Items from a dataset
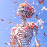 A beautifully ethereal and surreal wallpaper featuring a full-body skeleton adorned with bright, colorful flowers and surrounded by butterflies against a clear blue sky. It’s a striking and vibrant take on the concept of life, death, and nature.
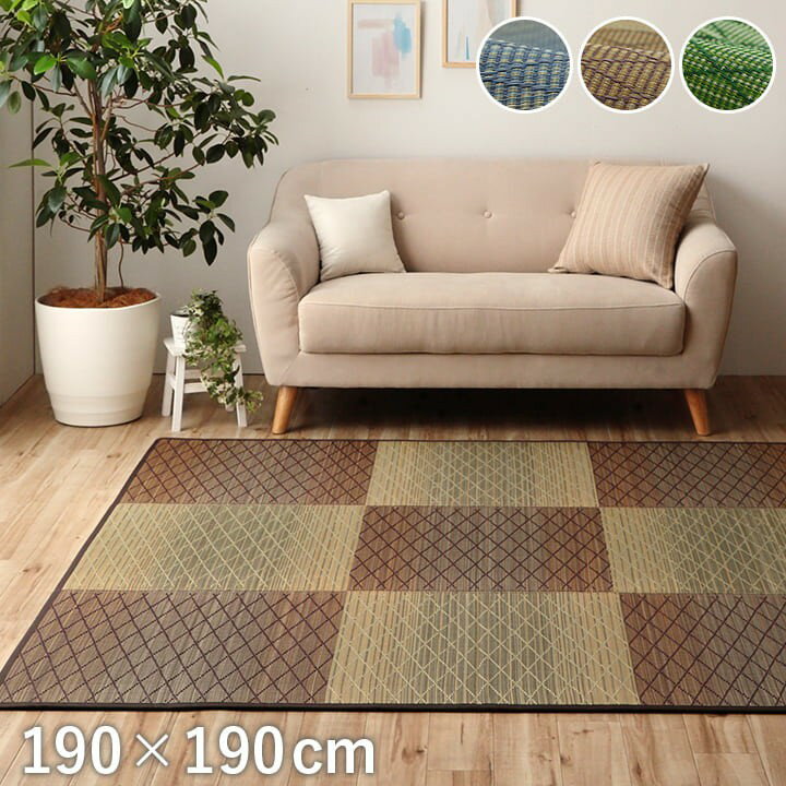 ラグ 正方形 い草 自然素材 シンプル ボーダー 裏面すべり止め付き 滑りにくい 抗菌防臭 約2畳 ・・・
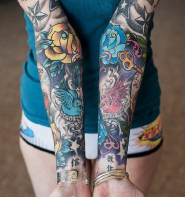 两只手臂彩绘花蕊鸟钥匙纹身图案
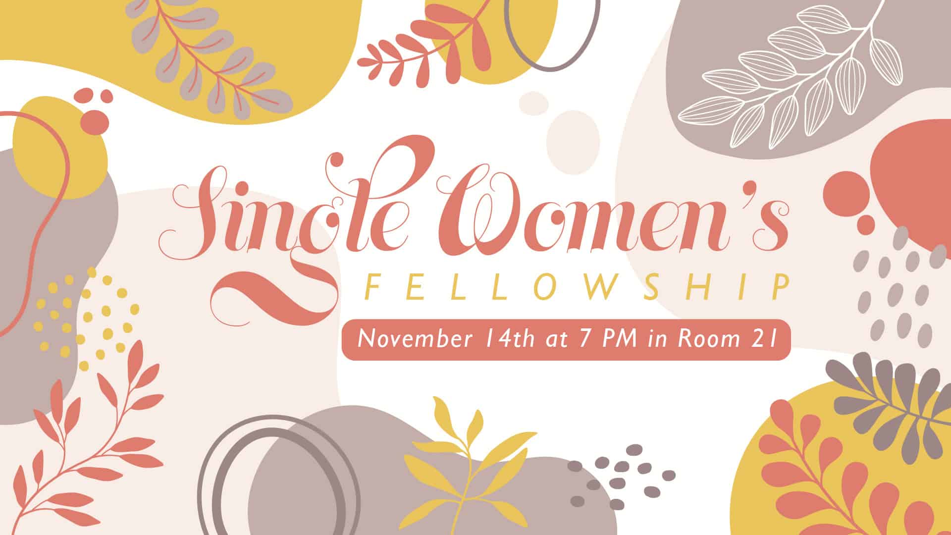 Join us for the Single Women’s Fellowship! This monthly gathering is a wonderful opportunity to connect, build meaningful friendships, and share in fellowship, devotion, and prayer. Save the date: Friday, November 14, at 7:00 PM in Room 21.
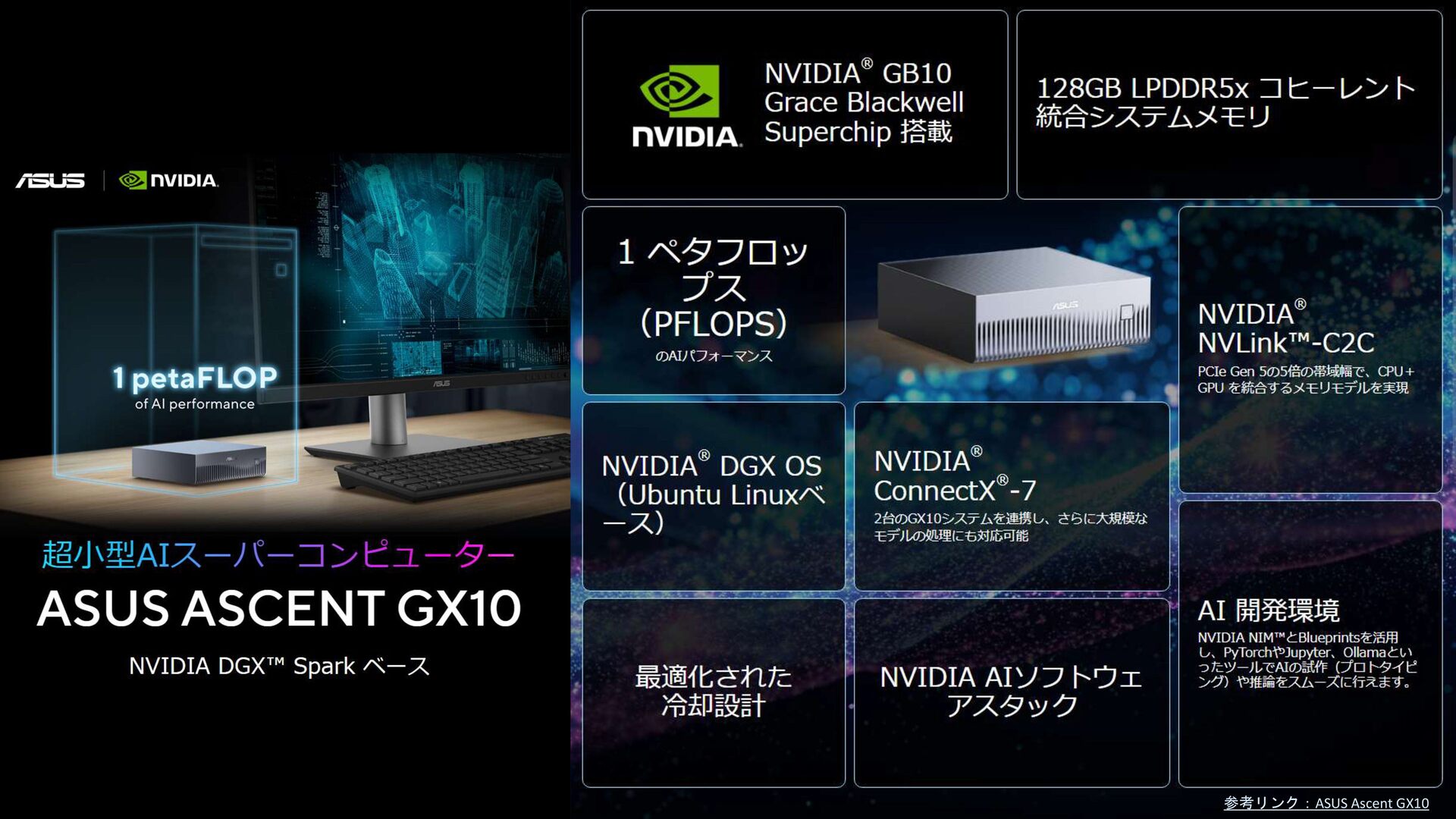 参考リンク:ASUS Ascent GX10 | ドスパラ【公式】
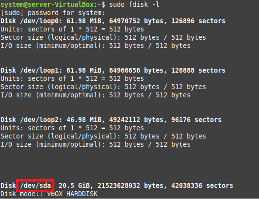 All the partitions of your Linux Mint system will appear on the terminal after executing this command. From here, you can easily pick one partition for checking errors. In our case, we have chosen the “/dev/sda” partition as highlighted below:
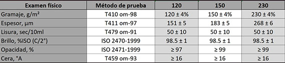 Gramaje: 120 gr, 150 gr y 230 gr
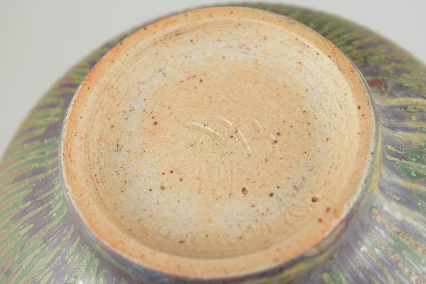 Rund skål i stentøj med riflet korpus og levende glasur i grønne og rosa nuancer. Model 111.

[YOUR INSTRUCTIONS]:
When the line containing "All the partitions" has been located, retype it and each line after it through the end of the records, excluding the pictures and adding nothing else.

[WRITTEN ANSWER]:
 All the partitions of your Linux Mint system will appear on the terminal after executing this command. From here, you can easily pick one partition for checking errors. In our case, we have chosen the “/dev/sda” partition as highlighted below:
 Gramaje: 120 gr, 150 gr y 230 gr
 Rund skål i stentøj med riflet korpus og levende glasur i grønne og rosa nuancer. Model 111.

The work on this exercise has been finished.